Social Notworking - 'murder by Twitter'

Written By Unknown on Minggu, 19 Januari 2014 | 21.43

Suketu Mehta (@suketumehta) - terrible news about sunanda tharoor. this is murder by twitter.
Even before forensic science has declared the reasons behind Sunanda Pushkar's shocking death on Friday night, social media has been accused of murder. Writer Suketu Mehta wasn't the only one to point fingers. "First murder by @TwitterIndia , claps, fellow twitter matured guns!" is how another tweet went. Besides the deadly cocktail of depression, drugs, a strained marriage, questions have been raised about whether the vicious banter and collective howls of derision on social media over her very public meltdown — again on social media — pushed her over the edge.
Have we, the tweeple, in our eagerness to share every detail of our lives over an internet megaphone, not quite understood what the social media can do, especially its pitfalls? Is the line between the public and private blurring too fast? Commentators say that the rules that govern human and social behaviour haven't changed, and the fault lies in how we negotiate the cyber turf.

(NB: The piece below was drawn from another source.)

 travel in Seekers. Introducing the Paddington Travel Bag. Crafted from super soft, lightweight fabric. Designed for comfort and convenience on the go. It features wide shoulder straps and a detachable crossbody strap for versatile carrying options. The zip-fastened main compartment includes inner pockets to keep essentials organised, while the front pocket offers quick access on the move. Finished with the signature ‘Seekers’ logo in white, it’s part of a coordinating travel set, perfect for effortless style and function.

Can our digital lives have serious offline consequences? Nishant Shah, director, research , Centre for Internet & Society, Bangalore, says people need to realize that though twitter amplifies everything, but the ability to hurt, be mean, fight, question, critique and bully is not new.

"These are human practices , which replay themselves across different media forms. What is perhaps new is that our most personal and darkest desires have become available for public spectacle," says Shah.

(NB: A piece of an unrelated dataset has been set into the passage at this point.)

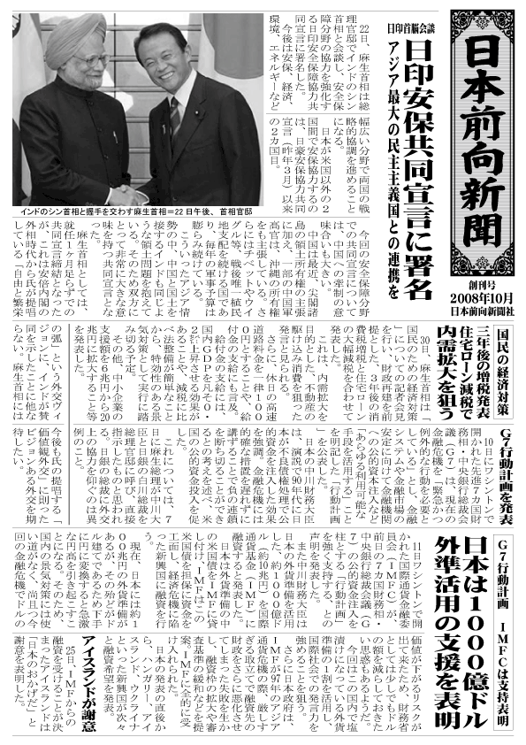 日本前向新聞 2008年10月 創刊号

That the twitterati can be brutal has been shown often enough this last year. When Tehelka editor Tarun Tejpal was mired in allegations of sexual harassment, his daughter was hounded on social media. Recently when novelist Lavanya Sankaran wrote an op-ed for New York Times defending the decent Indian man, she was royally derided, so much so that another journalist Rahul Bhatia tweeted in her defence, asking people to lay off.
Sunanda's story hurtled towards a tragedy in a space of 48 hours after she went public. As Shah points out it wasn't as though there were no affairs and scandals before the dawn of social media but the tangle would have spun out differently and less brutally in another time and age. It all began, as Pushkar admitted to some papers and later denied, with the spilling of alleged BBMs sent by Pakistani journalist Mehr Tarar to Tharoor on his twitter account.
Predictably, the effect of the first round of revelations was explosive. In fact, Pushkar herself appeared taken aback by the fact that a twitter spat ended up making front page headlines.
The entire drama which, in another age, would have played out at home or a circle of family, friends and acquaintances — and at the most in far less dramatic gossip columns and on TV— was up on social media, provide enormous vicarious pleasure to thousands of social media bystanders. That Pushkar herself set the virtual assault in motion only adds to the bleak irony of it all. This was also not the first time Pushkar took a spat to twitter. @SPTVrocks tweeted about her fight with a journalist in Dubai earlier this month.
Clinical psychologist Varkha Chulani says it is the personality behind the media usage not the form itself that is to be blamed. "People choose to talk about their private lives to impress others, to get attention. We forget what is real and what is virtual." Shah, however, believes that we live in a world of digital striptease and that the ubiquitous and pervasive technologies that surround us have forever blurred the lines between real and virtual.
Activists have often pointed out that the social media has everything going for it — quick and vast connect and instant response — but what it lacks is empathy. It is easy enough to send out an RIP message, for instance, for someone you don't know or even care for, positioning yourself as a caring, empathetic soul in 140 characters.
Post Pushkar's death, news anchor Barkha Dutt tweeted that we need to limit viciousness , stop judging and use greater compassion on twitter.
Shah makes a similar plea for the human touch.
"We are all so self-involved , creating narratives of our selves, bit-stripping every moment , instagramming every event, tweeting every encounter, and liking all the various things that happen around us, that we don't always have enough time to stop, to respond, to think and reflect upon other people's conditions . We have become jaded, to the various 'great' moments in people's time lines, but we are also becoming jaded to the pain that our involvement in these social networks can bring to those who are the subject of our attention," he says.